Patch inference allows you to work with high-resolution images without sacrificing detail or overwhelming your GPU memory.

Using regions of interest (ROIs)

ROIs allow you to focus model attention on specific areas of your images where analysis is needed.

Why use ROIs?

BenefitImpact
Focused attentionModel learns relevant features, ignores background noise
Faster trainingSmaller input size = faster processing
Faster inferenceLess data to process in production
Better accuracyModel isn't distracted by irrelevant areas
Memory efficiencyProcess only what matters

When to define ROIs:

Use ROIs when:

  • Your area of interest is a small portion of the full image
  • Background contains irrelevant or distracting information
  • Objects always appear in predictable locations
  • You want to exclude certain areas from analysis

Skip ROIs when:

  • The entire image is relevant
  • Object locations vary unpredictably across the full frame
  • You need context from the full scene

Example use cases:

Manufacturing line inspection:

Full image: 1920x1080 (entire conveyor belt)
ROI: 800x600 (product inspection area only)
Result: 3x faster inference, better defect detection

Document analysis:

Full image: 2480x3508 (entire page)
ROI: 2000x400 (header section only)
Result: Focus on relevant text, ignore margins
Pro tip

Define ROIs during the dataset creation phase. This ensures consistent preprocessing and optimal model training.

Model architecture

Right-sizing your model

Bigger isn't always better - choose model size based on your actual needs.

The Model size trap

Even if your original images are large, this doesn't automatically mean you need a large model.

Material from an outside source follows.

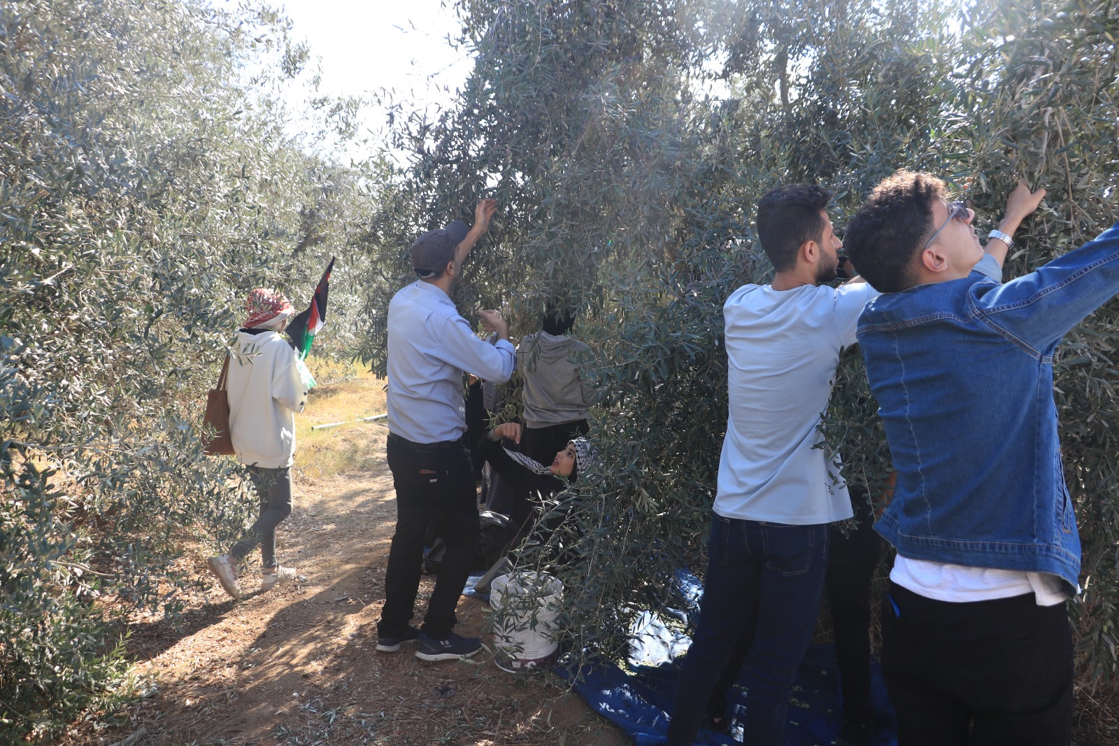 جامعة الأقصى تنظم يوم عمل تطوعي لمساندة المزارع الفلسطيني بجني ثمار الزيتون " العونة"

ScenarioImage sizeRecommended Model size
Simple objects, clear featuresLarge (2000x2000)Small to medium
Complex patterns, fine detailsLarge (2000x2000)Medium to large
Simple task on small objectsSmall (512x512)Small
Complex segmentationMedium (1024x1024)Medium to large

Why avoid oversized models?

  • ❌ Longer training times
  • ❌ Higher memory requirements
  • ❌ Risk of overfitting on small datasets
  • ❌ Slower inference in production
Remember

Start with a smaller model and scale up only if performance plateaus. A well-trained medium model often outperforms a poorly trained large one.

Dataset augmentation

Augmentation is powerful, but incorrect augmentation can destroy your labels and harm model performance.

Preserve label validity

Your augmentations must not invalidate your labels. Always ask: "Does this transformation change what the label represents?"

Common mistakes to avoid

Example 1: Orientation classification

Task: Classify bottle orientation (upright vs. horizontal)

Wrong approach:

Augmentations enabled:
✅ Brightness adjustment
❌ Horizontal flip ← This changes the orientation!
❌ Vertical flip ← This changes the orientation!
❌ Rotation ← This changes the orientation!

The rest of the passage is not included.